Father Andrew Orland Rowan, Peace Corps

c/o Nyakatsiro Health Centre

P.O. Box 96

Bushenyi, Uganda

East Africa

(you can also use reverend or saint in place of “father” if you’re feeling particularly ridiculous- apparently packages are less likely to be tampered with/disappear if it is being sent to a religious leader.  it’s not a typo, there are no zip codes in uganda.  boxes tend to take longer, whereas padded envelopes tend to arrive more quickly.  let me know when you send a package so i can keep an eye out for it.  put value of items at less than $20 and list contents as something along the lines of “religious” or “educational” materials- because, honestly, who wants to steal some religious stuff going to a priest.  unless they have started putting bible verses on taco bell sauce packets, please don’t send me actual religious materials- i already have a bible with me, so i’m covered).

halloween: probably better if i don’t paint my face black with shoe polish.

last weekend i celebrated halloween.  this was strange because i’m not the kind of person who really gets into halloween.  i’m pretty sure it was around the age of 8 when i decided that dressing up and traipsing around to gather candy was lame (especially because i could just stay home and pillage the candy my mom had bought for trick ‘r treaters.  plus, my mom always got good candy.  none of that cheap off-brand candy that people tried to push on us.  if you’re too cheap to buy good candy, you should turn your lights off and no answer the door on halloween).

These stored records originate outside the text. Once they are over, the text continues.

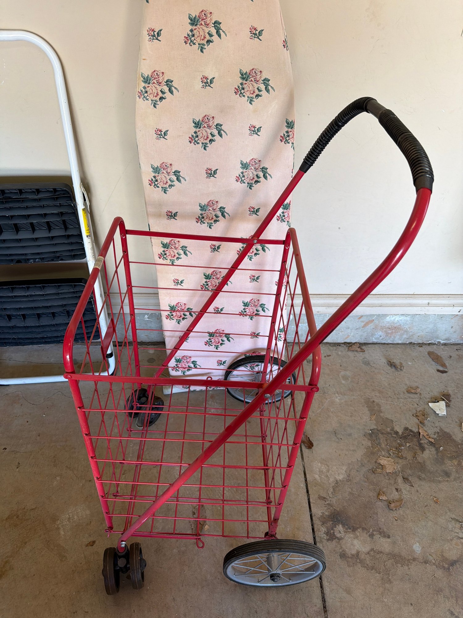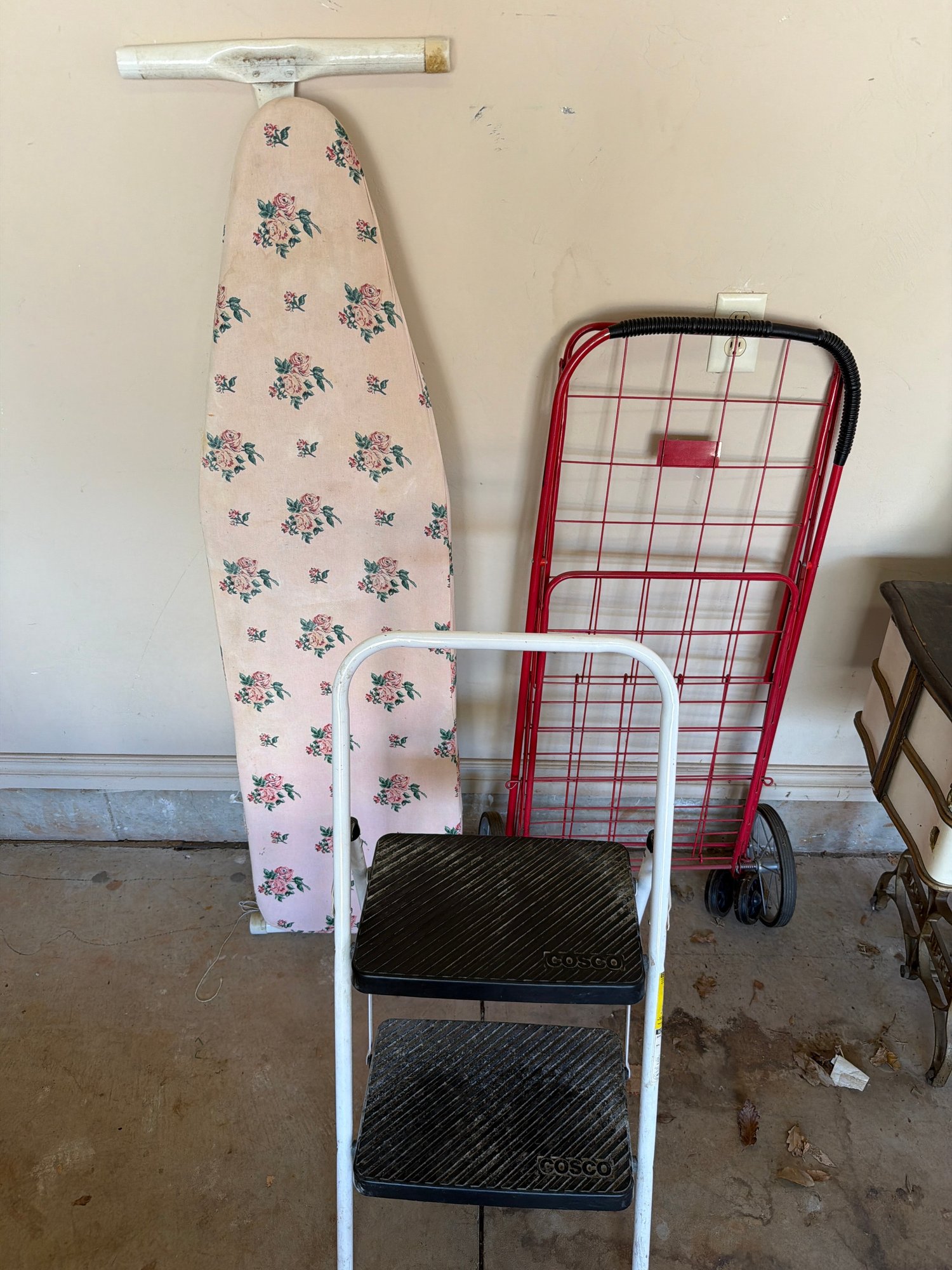 This listing features one ironing board, one travel basket, and one medium stepping stool/ ladder. Minor dusting suggested overall good condition see photos! Local pickup only.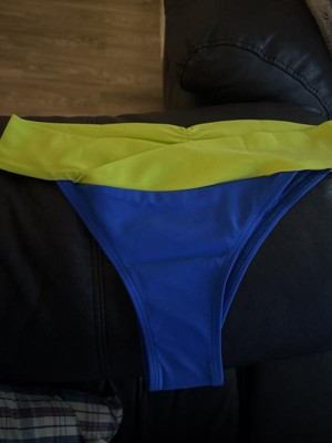 I received these products for free from the Hey, Bullseye sampling program in exchange for my honest review. This bikini bottom is really great quality. Its is a little cheeky in the back but i like that. I like the blue with yellow, they are bright colors. Great details with the crossover in the front and the scrunching in the back.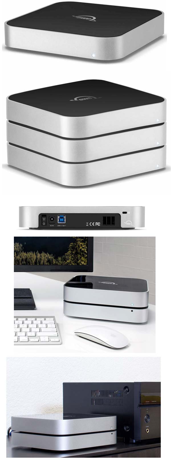 Особенностью накопителей серии является то, что их можно ставить один на другой, это должно заметно сэкономить место на рабочем столе при необходимости подключения сразу нескольких накопителей. Корпуса аппаратов сделаны из алюминия, имеется тихая система активного охлаждения MagLev, есть модель без накопителя внутри, т.е. пользователь сам должен определиться с винчестером (или SSD 3.5" типоразмера) для помещения внутрь детища OWC.
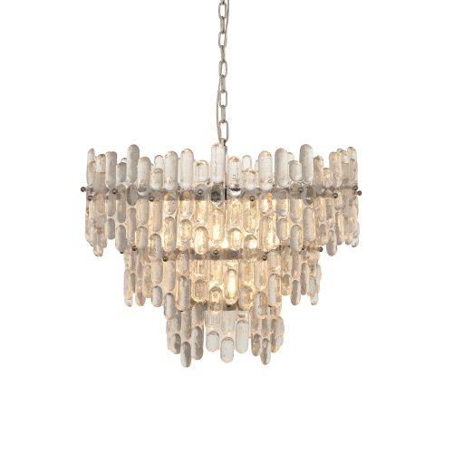 Like delicately melting ice crystals the Maya pendant is formed from multiple clear glass decorations that create the most stunning addition to your home. Impressive and beautiful, perfect to pair with LED filament lamps to achieve an enchanting diffused light effect. Finished in chrome plated metal work and suspended from chrome plated chain with clear flex.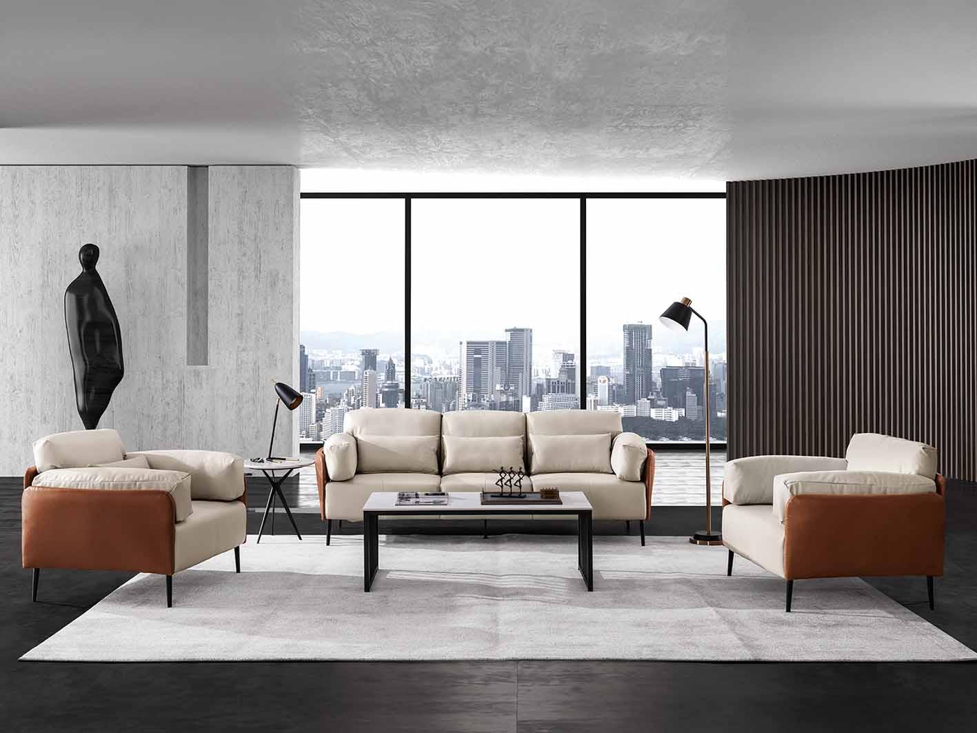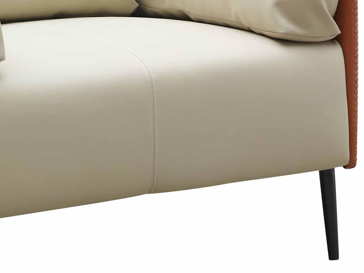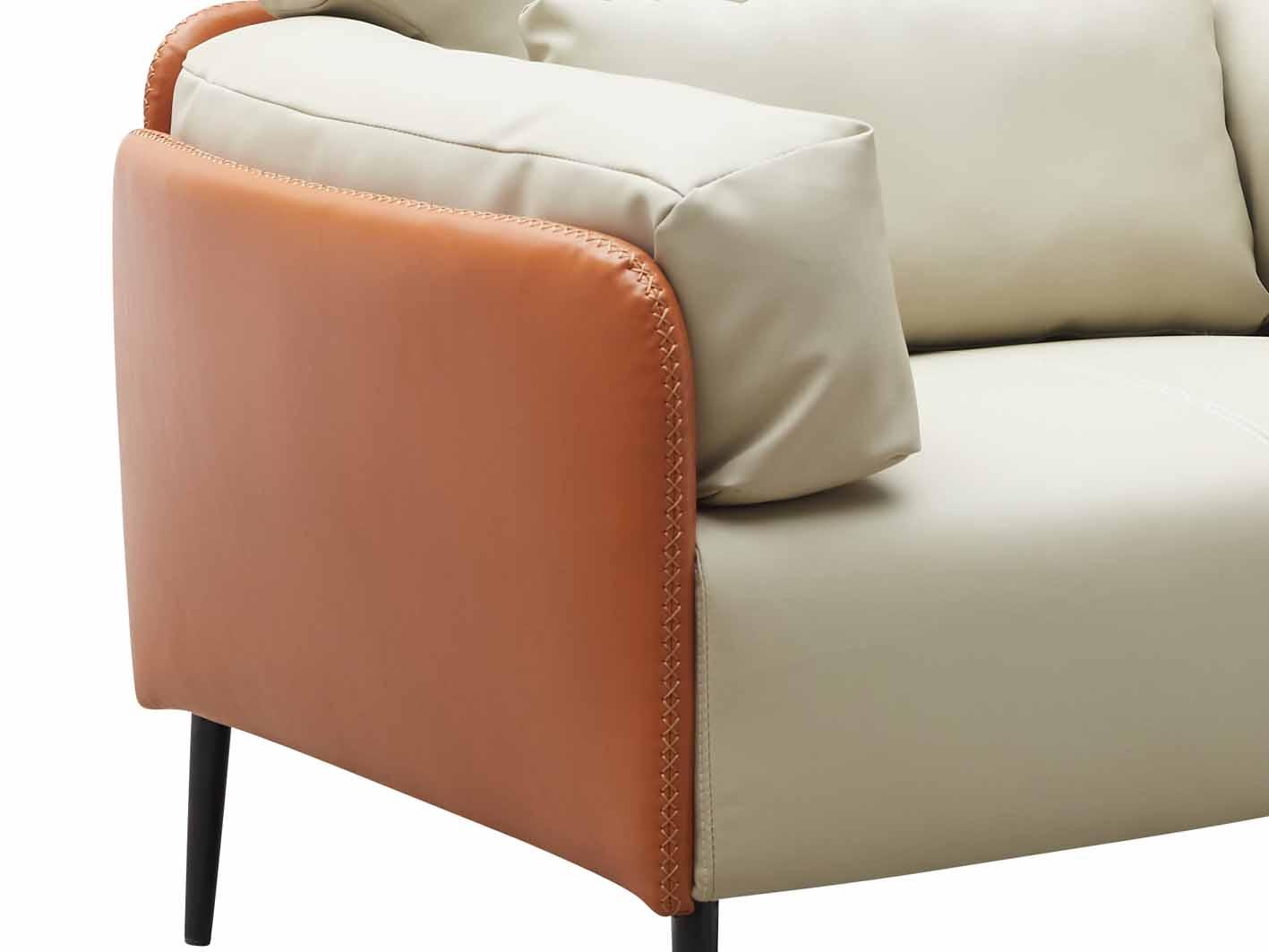 أما التنجيد، فهو مصنوع من PVC عالي الجودة، يتميز بسهولة التنظيف ومقاومته للبقع، مما يجعله خيارًا عمليًا للمكاتب والأماكن ذات الاستخدام المتكرر. اللون البيج الأنيق يتناغم مع التفاصيل البنية ليمنح الكنب مظهرًا متوازنًا يجمع بين الفخامة والبساطة. كما أن كثافة الإسفنج بضغط 35 توفر جلوسًا ناعمًا وداعمًا في الوقت نفسه، دون أن يفقد الكنب تماسكه.
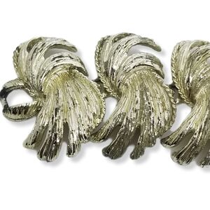 Beautiful vintage silvertoned statement bracelet by BSK. Bracelet is a panel chain style measuring 7-1/2 inches in length and 1-1/4 inches wide.  Bracelet has a fold over clasp stamped BSK. Fairly good condition, some of the silver plating is worn away in various areas of bracelet,  refer to pics for condition.
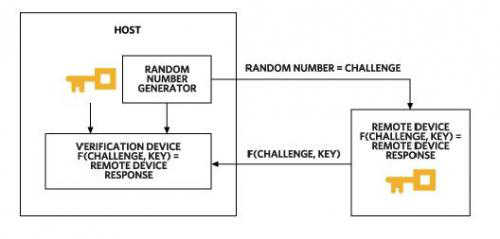 圖1. 基于對稱加密的安全認(rèn)證依賴于主機(jī)和設(shè)備之間的共享密鑰。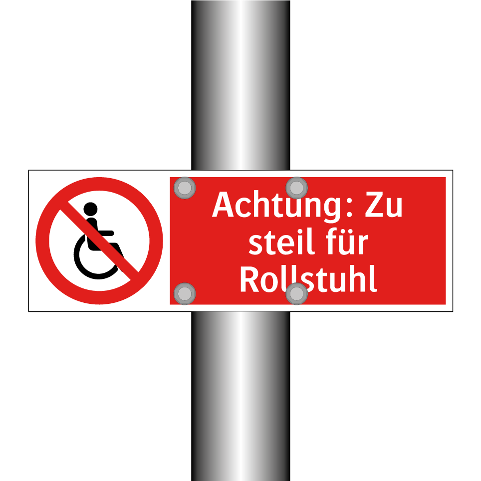 Verbotsschild mit dem Text Achtung: Zu steil für Rollstuhl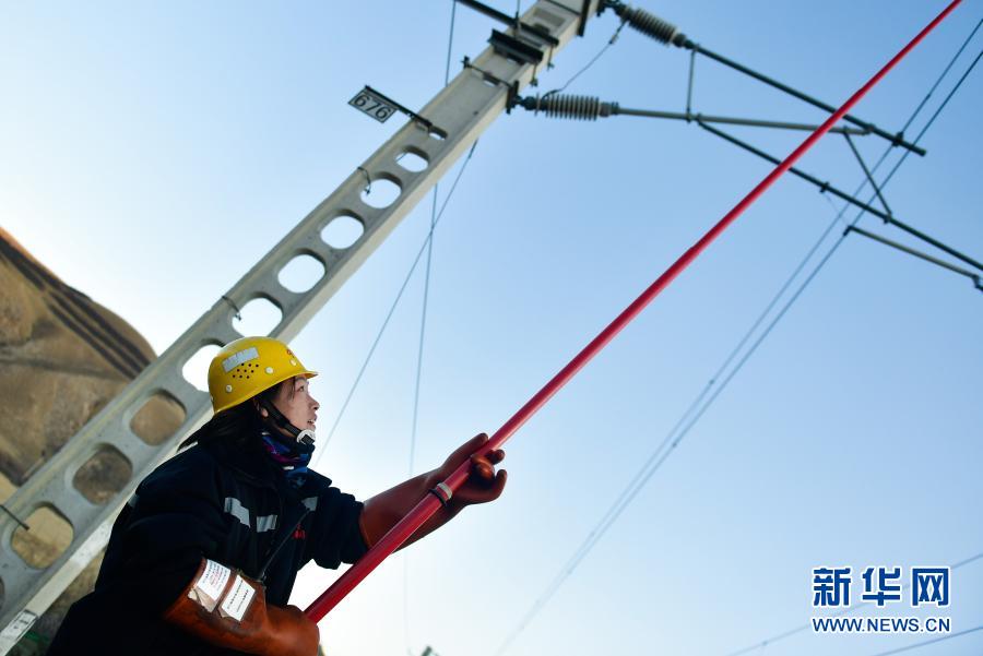 2月2日,在青藏铁路公司西宁供电段哈尔盖工区负责铁路线上,郭胜强在挂地线。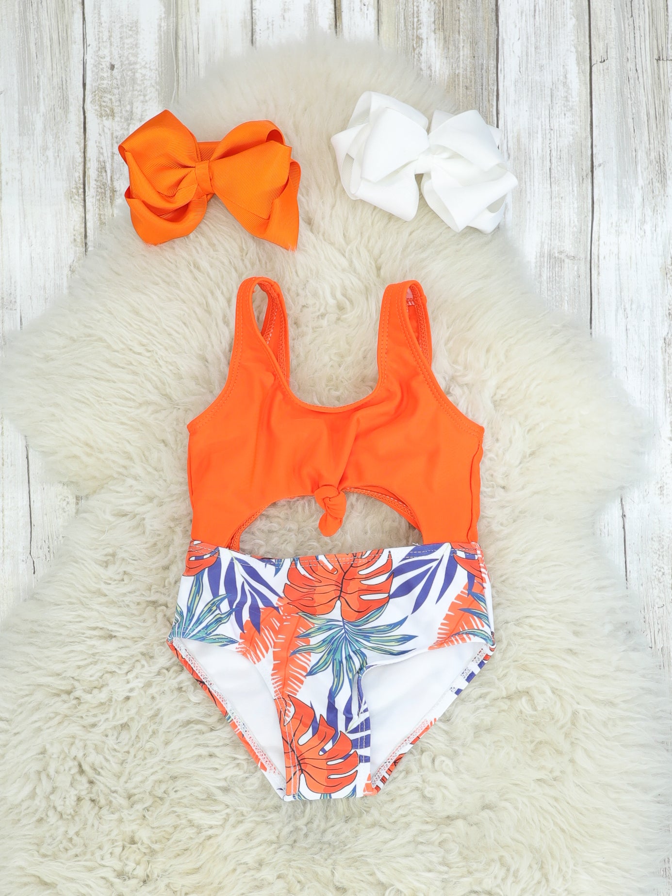 I love this suit so much! Love the one piece tie sides. The color is great, nice and bright! Size is perfect. My daughter wears between a 3t and 4t and the 3t suit fits great
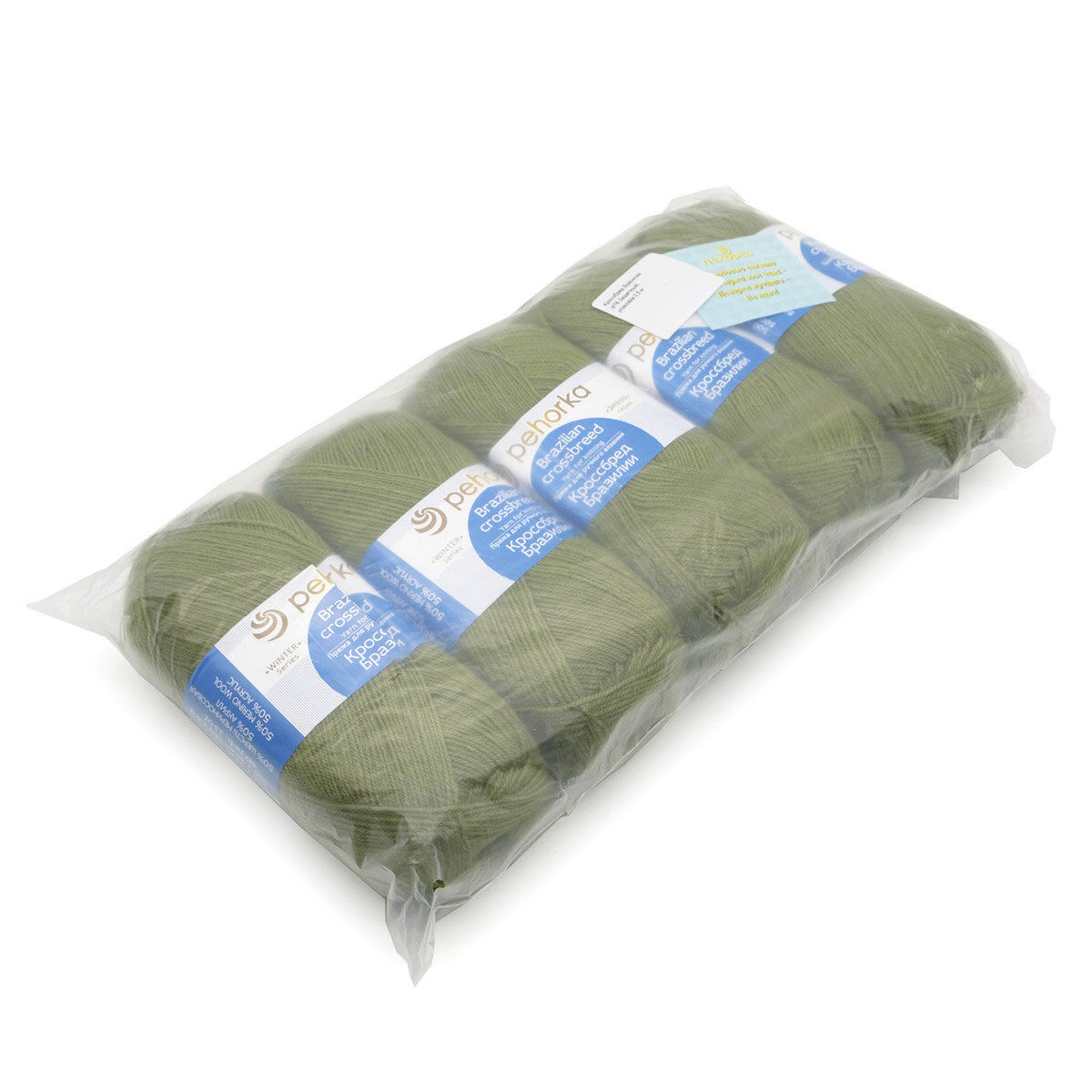 Пряжа Пехорка Кроссбред Бразилии 478 защитный (100г/500м, упаковка 5 мотков)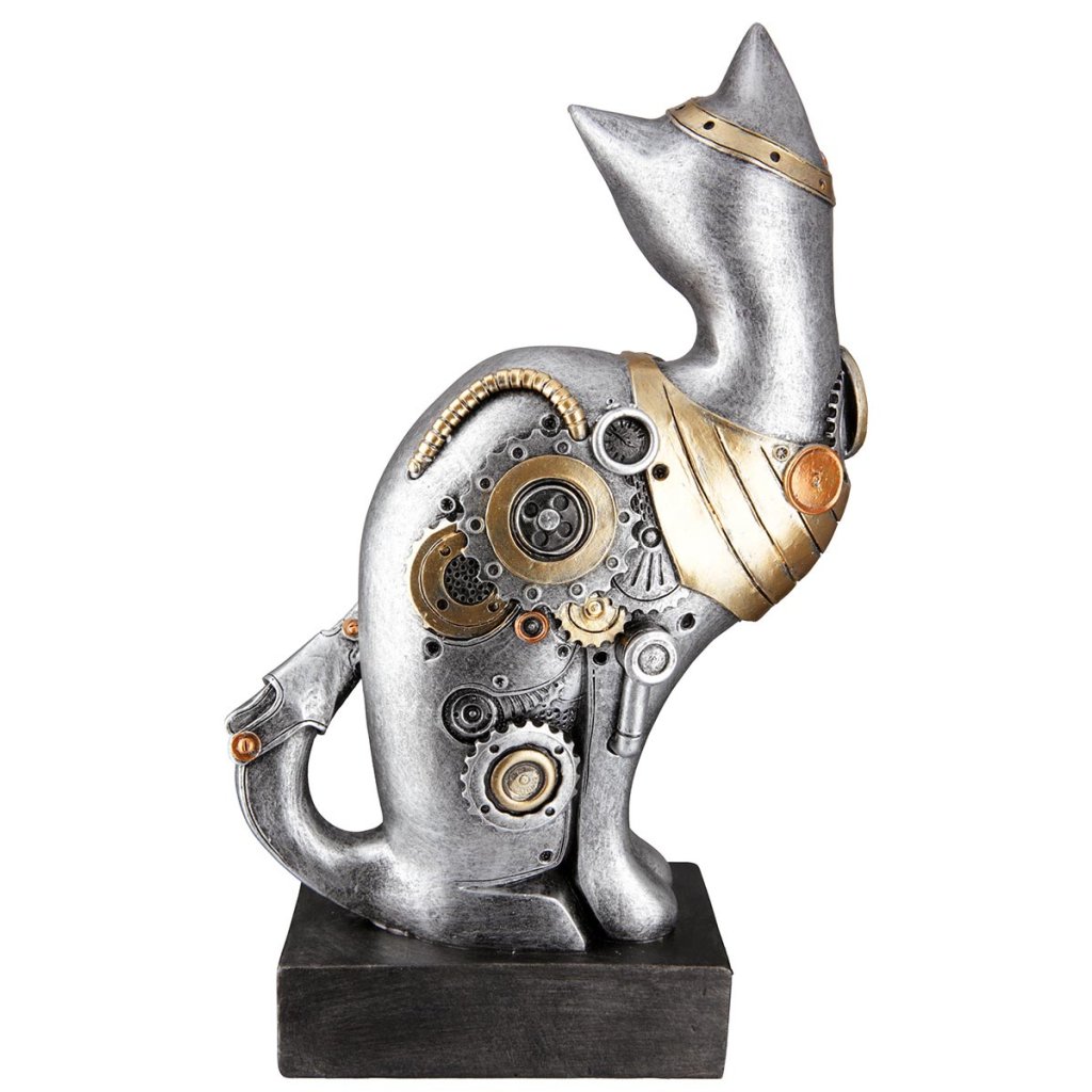 Originálna socha Steampunk Cat je štýlovou interiérovou dekoráciou v starožitnom striebornom odtieni s výraznými medenými detailmi. Elegantná mačka na podstavci zaujme industriálnym steampunkovým dizajnom a stane sa neprehliadnuteľným doplnkom každého moderného a kreatívneho interiéru.

my favorite halloween memory is with my cousins at my grandparent’s house in arkansas.  they live in the middle of nowhere, so my cousins and i only had one house to go to, but it was a super-spooky house (dark and historic, complete with creepy old dolls- it could have easily been the setting for one of the those cheap horror movies.  you know, the kind where the four hot white kids and one black dude are traveling and their car breaks down and the only place they have to go is this creepy old dude’s house and he ends up killing the black dude and then slowly gets the everyone else except the hottest girl who manages to escape.  that’s this house.  there was even a creepy old man who lived there).  the costume options were somewhat limited, so i ended up going as my grandmother (which was surprisingly not the most creepy costume.  my cousin matthew takes the cake for that one with his skintight leopard print leotard).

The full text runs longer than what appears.